Please return the lines below verbatim, beginning at the one that has "La División Proyectos" and stopping after the one that has "Recently Rehabbed 2", and add no other lines.

Records supplied:
=====

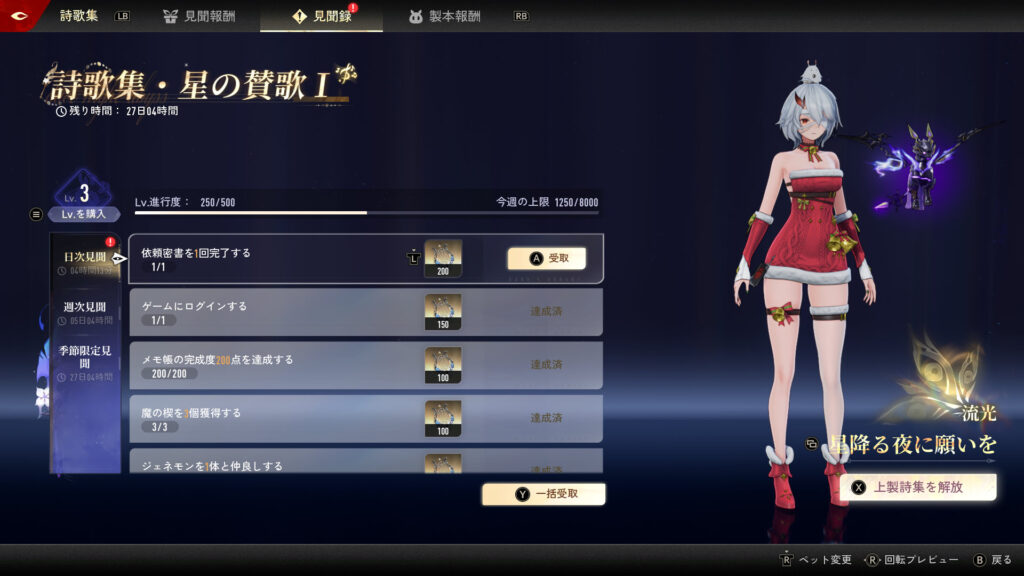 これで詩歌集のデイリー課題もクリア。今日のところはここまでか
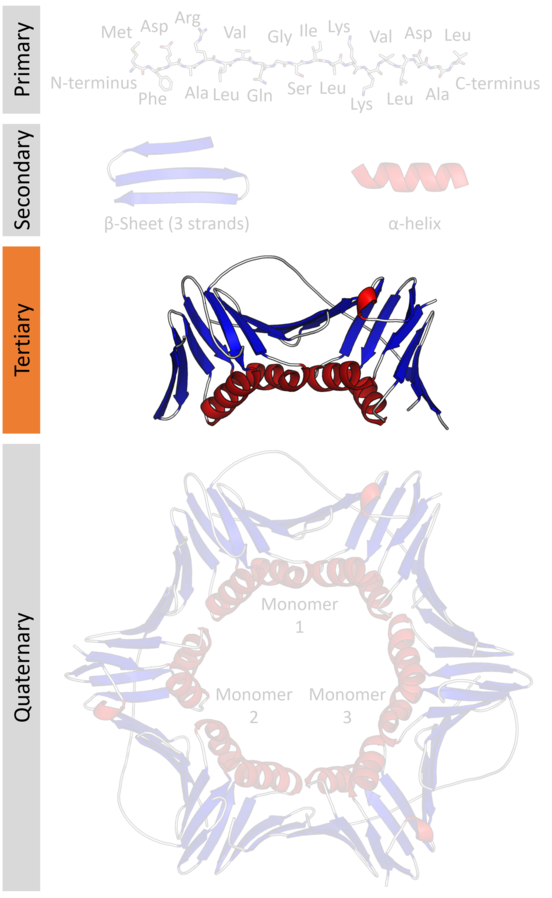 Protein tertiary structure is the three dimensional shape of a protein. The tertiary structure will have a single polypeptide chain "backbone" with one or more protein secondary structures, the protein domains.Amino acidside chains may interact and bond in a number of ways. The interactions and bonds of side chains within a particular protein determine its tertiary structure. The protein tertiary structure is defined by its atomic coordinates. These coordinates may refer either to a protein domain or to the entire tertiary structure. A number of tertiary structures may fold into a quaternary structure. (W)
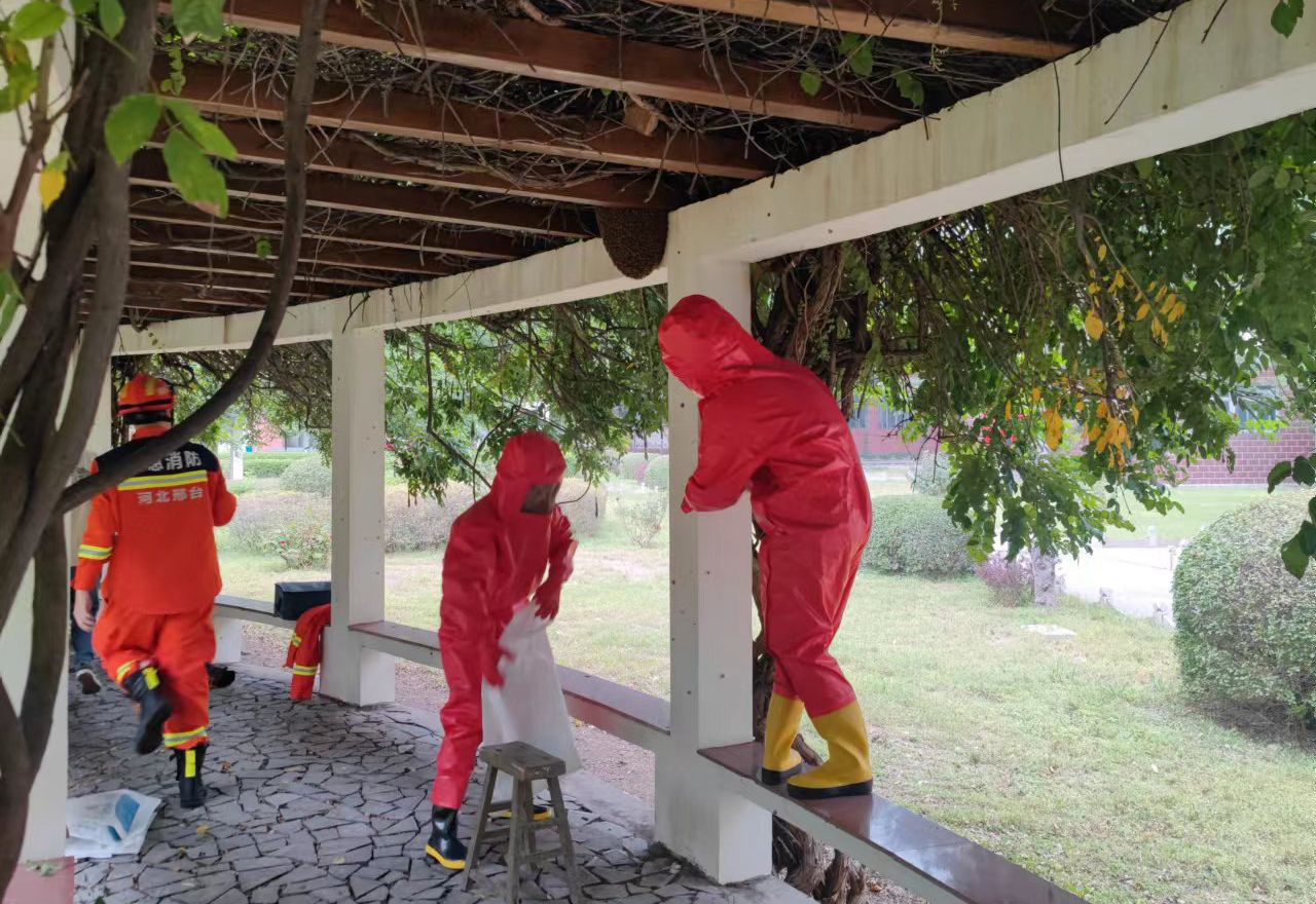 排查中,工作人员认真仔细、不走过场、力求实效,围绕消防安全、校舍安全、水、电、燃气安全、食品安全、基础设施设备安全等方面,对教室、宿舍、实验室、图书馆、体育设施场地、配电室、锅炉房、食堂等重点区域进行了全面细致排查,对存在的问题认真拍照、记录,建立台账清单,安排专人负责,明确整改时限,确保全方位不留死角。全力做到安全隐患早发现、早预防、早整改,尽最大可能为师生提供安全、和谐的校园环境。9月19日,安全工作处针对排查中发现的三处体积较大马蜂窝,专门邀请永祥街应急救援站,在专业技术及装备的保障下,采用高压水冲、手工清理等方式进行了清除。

=====

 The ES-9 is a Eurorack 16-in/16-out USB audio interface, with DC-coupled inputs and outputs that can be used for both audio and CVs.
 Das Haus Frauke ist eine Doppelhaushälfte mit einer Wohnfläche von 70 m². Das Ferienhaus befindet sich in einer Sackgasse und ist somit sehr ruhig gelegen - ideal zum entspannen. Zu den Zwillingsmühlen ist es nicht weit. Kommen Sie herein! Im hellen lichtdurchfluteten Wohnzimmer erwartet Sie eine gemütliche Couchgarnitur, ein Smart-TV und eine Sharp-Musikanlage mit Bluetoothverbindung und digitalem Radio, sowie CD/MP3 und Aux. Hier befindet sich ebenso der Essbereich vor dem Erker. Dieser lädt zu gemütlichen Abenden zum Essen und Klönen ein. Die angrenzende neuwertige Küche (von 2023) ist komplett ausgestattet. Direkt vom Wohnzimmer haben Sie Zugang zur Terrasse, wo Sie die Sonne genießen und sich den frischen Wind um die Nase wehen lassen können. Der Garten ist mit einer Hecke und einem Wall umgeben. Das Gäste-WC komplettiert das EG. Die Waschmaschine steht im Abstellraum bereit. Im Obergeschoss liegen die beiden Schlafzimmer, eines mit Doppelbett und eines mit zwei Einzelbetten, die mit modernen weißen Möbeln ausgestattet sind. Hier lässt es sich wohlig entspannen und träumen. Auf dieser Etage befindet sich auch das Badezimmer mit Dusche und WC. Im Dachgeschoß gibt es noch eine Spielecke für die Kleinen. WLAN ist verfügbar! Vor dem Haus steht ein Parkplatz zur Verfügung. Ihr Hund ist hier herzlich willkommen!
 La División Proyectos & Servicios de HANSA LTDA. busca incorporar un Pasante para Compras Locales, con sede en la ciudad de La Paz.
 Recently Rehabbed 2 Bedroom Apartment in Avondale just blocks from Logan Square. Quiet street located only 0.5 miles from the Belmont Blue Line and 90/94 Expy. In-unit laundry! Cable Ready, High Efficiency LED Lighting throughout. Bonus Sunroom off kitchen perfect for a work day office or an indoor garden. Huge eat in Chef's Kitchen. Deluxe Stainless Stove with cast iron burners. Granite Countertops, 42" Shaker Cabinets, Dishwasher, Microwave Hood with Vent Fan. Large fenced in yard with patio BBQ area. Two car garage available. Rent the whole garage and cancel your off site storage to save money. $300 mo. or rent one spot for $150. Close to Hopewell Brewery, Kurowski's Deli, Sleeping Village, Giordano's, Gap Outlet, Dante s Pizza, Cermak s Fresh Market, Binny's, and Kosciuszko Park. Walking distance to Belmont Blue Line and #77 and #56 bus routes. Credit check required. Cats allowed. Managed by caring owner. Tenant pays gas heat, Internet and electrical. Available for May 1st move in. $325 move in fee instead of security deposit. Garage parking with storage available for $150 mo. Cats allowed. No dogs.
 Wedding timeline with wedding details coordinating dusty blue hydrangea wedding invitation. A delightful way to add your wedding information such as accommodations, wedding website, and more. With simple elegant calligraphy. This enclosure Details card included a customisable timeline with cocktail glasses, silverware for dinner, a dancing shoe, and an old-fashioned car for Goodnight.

=====

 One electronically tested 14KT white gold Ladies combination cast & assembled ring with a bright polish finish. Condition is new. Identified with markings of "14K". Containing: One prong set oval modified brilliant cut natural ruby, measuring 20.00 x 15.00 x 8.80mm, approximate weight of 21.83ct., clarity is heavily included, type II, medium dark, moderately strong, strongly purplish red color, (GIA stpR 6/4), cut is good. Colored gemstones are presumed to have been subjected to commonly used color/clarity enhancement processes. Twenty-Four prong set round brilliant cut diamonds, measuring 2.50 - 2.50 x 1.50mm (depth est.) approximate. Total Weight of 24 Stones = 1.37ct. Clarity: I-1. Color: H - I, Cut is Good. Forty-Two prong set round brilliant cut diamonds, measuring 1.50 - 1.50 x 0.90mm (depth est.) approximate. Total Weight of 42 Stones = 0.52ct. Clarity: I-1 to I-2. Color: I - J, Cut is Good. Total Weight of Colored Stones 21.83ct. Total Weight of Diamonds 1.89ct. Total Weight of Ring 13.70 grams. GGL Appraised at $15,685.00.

=====

Task output:
 La División Proyectos & Servicios de HANSA LTDA. busca incorporar un Pasante para Compras Locales, con sede en la ciudad de La Paz.
 Recently Rehabbed 2 Bedroom Apartment in Avondale just blocks from Logan Square. Quiet street located only 0.5 miles from the Belmont Blue Line and 90/94 Expy. In-unit laundry! Cable Ready, High Efficiency LED Lighting throughout. Bonus Sunroom off kitchen perfect for a work day office or an indoor garden. Huge eat in Chef's Kitchen. Deluxe Stainless Stove with cast iron burners. Granite Countertops, 42" Shaker Cabinets, Dishwasher, Microwave Hood with Vent Fan. Large fenced in yard with patio BBQ area. Two car garage available. Rent the whole garage and cancel your off site storage to save money. $300 mo. or rent one spot for $150. Close to Hopewell Brewery, Kurowski's Deli, Sleeping Village, Giordano's, Gap Outlet, Dante s Pizza, Cermak s Fresh Market, Binny's, and Kosciuszko Park. Walking distance to Belmont Blue Line and #77 and #56 bus routes. Credit check required. Cats allowed. Managed by caring owner. Tenant pays gas heat, Internet and electrical. Available for May 1st move in. $325 move in fee instead of security deposit. Garage parking with storage available for $150 mo. Cats allowed. No dogs.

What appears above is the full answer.